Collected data
####
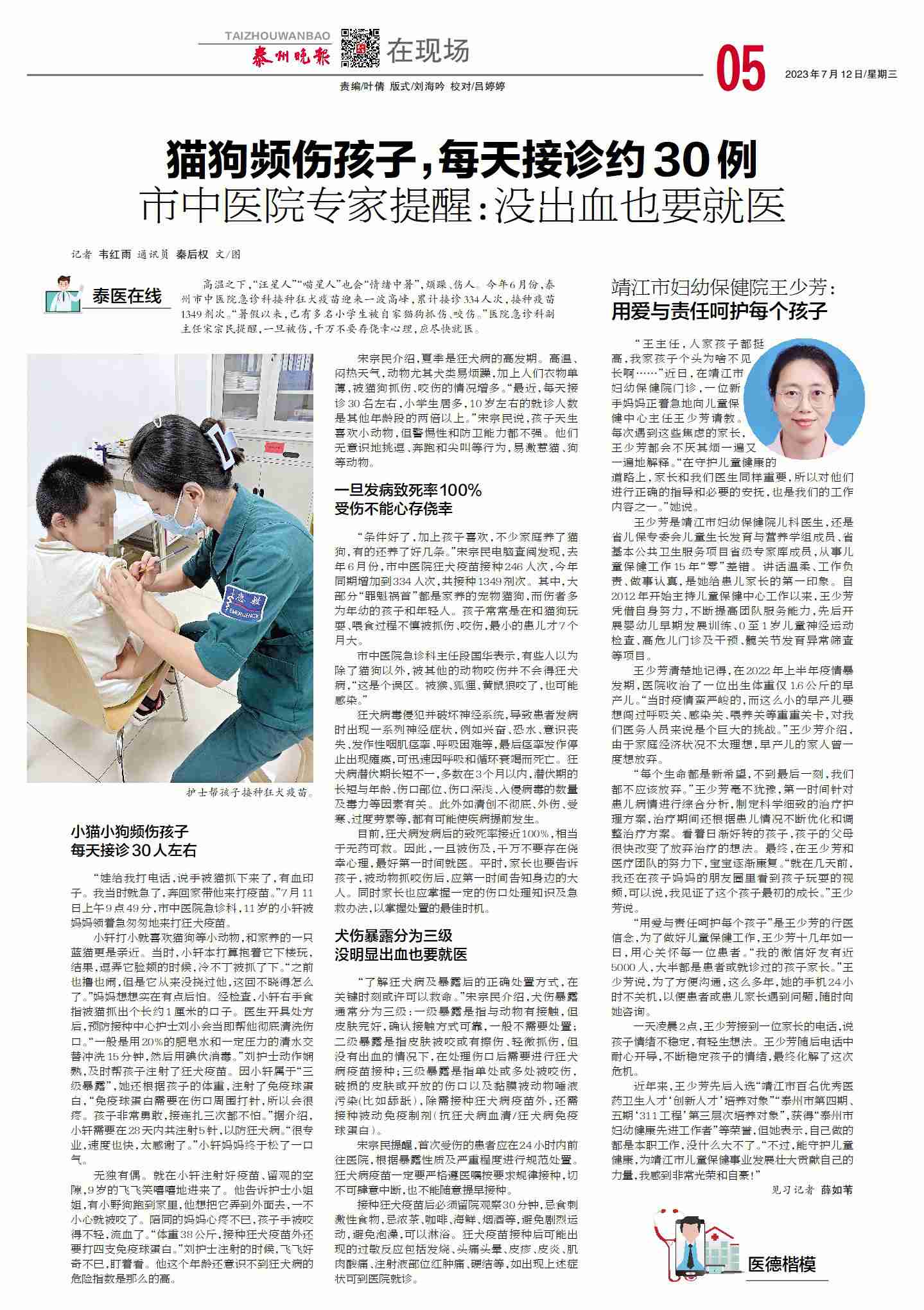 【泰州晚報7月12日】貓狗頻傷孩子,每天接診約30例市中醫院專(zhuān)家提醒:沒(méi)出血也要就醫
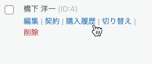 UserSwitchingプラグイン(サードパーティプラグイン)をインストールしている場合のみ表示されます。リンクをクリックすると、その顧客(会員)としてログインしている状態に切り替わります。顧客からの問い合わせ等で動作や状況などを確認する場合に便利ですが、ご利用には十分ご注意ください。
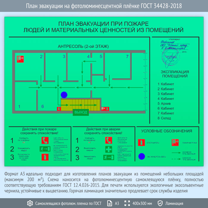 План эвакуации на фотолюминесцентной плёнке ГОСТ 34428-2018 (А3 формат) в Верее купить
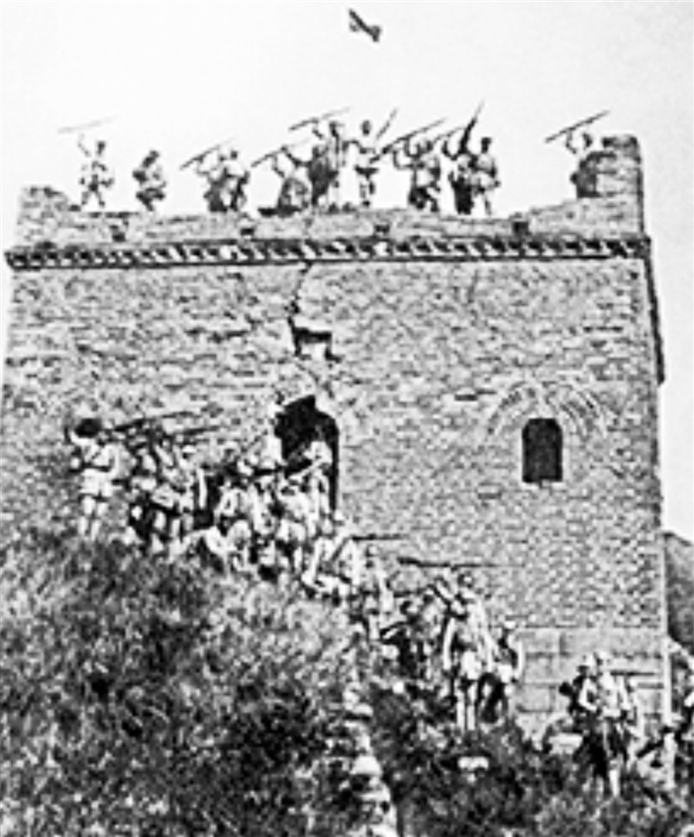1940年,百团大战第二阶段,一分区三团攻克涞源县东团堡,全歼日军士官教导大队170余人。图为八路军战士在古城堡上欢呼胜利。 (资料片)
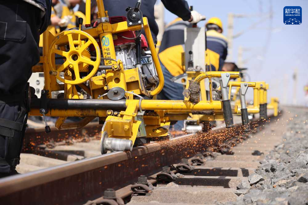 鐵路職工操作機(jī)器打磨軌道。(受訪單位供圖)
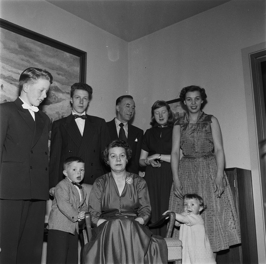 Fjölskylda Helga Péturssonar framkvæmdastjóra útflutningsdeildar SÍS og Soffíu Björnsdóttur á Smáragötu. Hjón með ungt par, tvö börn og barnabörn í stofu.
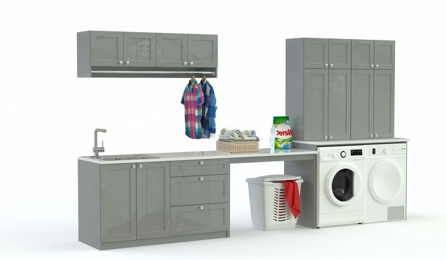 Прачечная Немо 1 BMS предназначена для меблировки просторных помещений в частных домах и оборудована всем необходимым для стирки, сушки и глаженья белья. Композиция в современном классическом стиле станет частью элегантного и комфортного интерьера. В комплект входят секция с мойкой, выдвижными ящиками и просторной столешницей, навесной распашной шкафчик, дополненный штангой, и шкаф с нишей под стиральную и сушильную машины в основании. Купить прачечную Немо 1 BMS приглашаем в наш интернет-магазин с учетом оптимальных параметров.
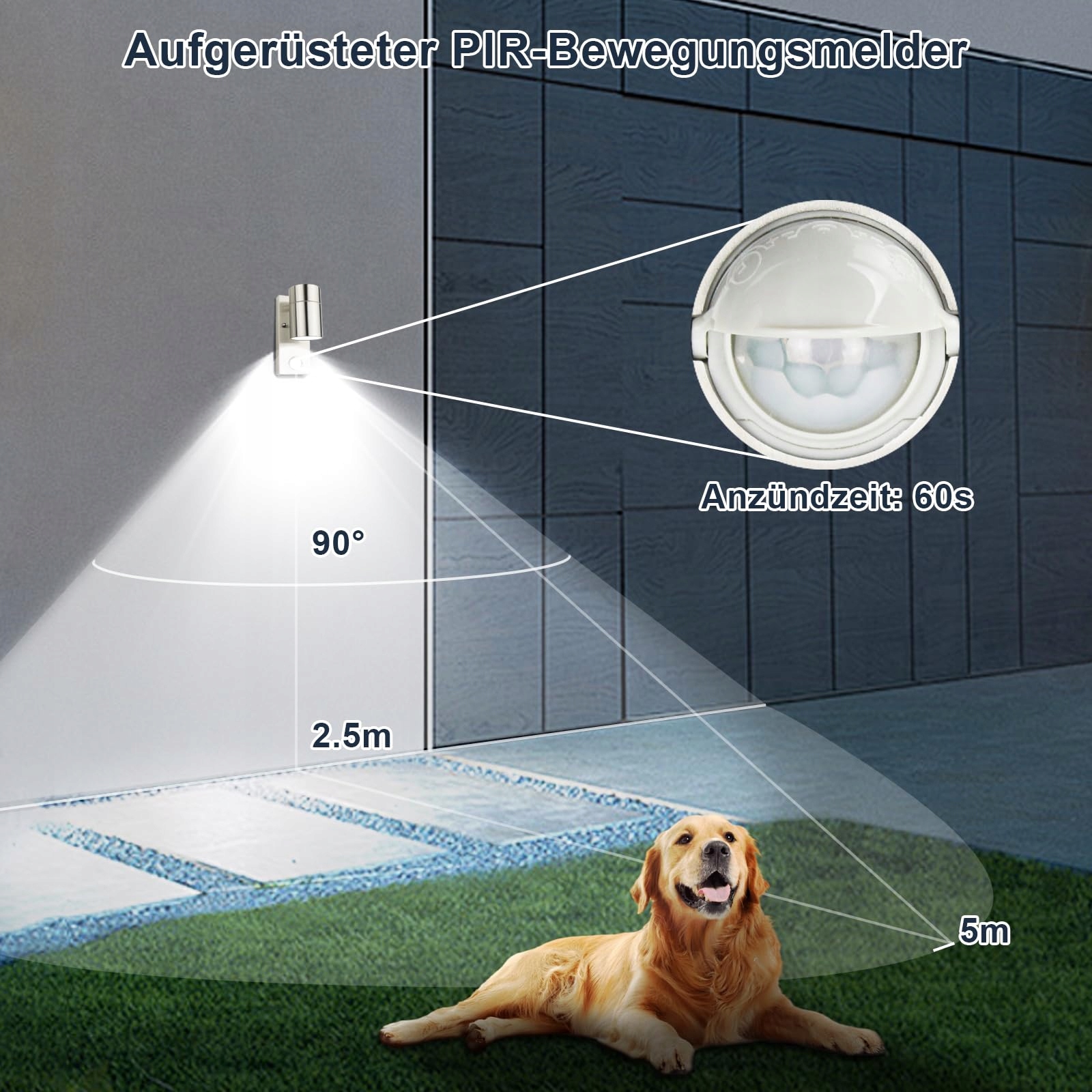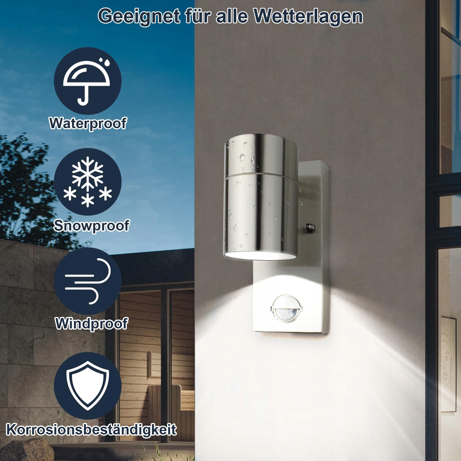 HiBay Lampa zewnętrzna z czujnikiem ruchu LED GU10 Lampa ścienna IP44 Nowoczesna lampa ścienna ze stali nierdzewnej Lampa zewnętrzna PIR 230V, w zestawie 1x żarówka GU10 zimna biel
####
WHAT IS REQUIRED >> Every line above between the one containing "План эвакуации на" and the one containing "Прачечная Немо 1", those two included, is to be printed exactly. No pictures go into the copy.

OUTPUT >>
 План эвакуации на фотолюминесцентной плёнке ГОСТ 34428-2018 (А3 формат) в Верее купить
1940年,百团大战第二阶段,一分区三团攻克涞源县东团堡,全歼日军士官教导大队170余人。图为八路军战士在古城堡上欢呼胜利。 (资料片)
 鐵路職工操作機(jī)器打磨軌道。(受訪單位供圖)
 Fjölskylda Helga Péturssonar framkvæmdastjóra útflutningsdeildar SÍS og Soffíu Björnsdóttur á Smáragötu. Hjón með ungt par, tvö börn og barnabörn í stofu.
 Прачечная Немо 1 BMS предназначена для меблировки просторных помещений в частных домах и оборудована всем необходимым для стирки, сушки и глаженья белья. Композиция в современном классическом стиле станет частью элегантного и комфортного интерьера. В комплект входят секция с мойкой, выдвижными ящиками и просторной столешницей, навесной распашной шкафчик, дополненный штангой, и шкаф с нишей под стиральную и сушильную машины в основании. Купить прачечную Немо 1 BMS приглашаем в наш интернет-магазин с учетом оптимальных параметров.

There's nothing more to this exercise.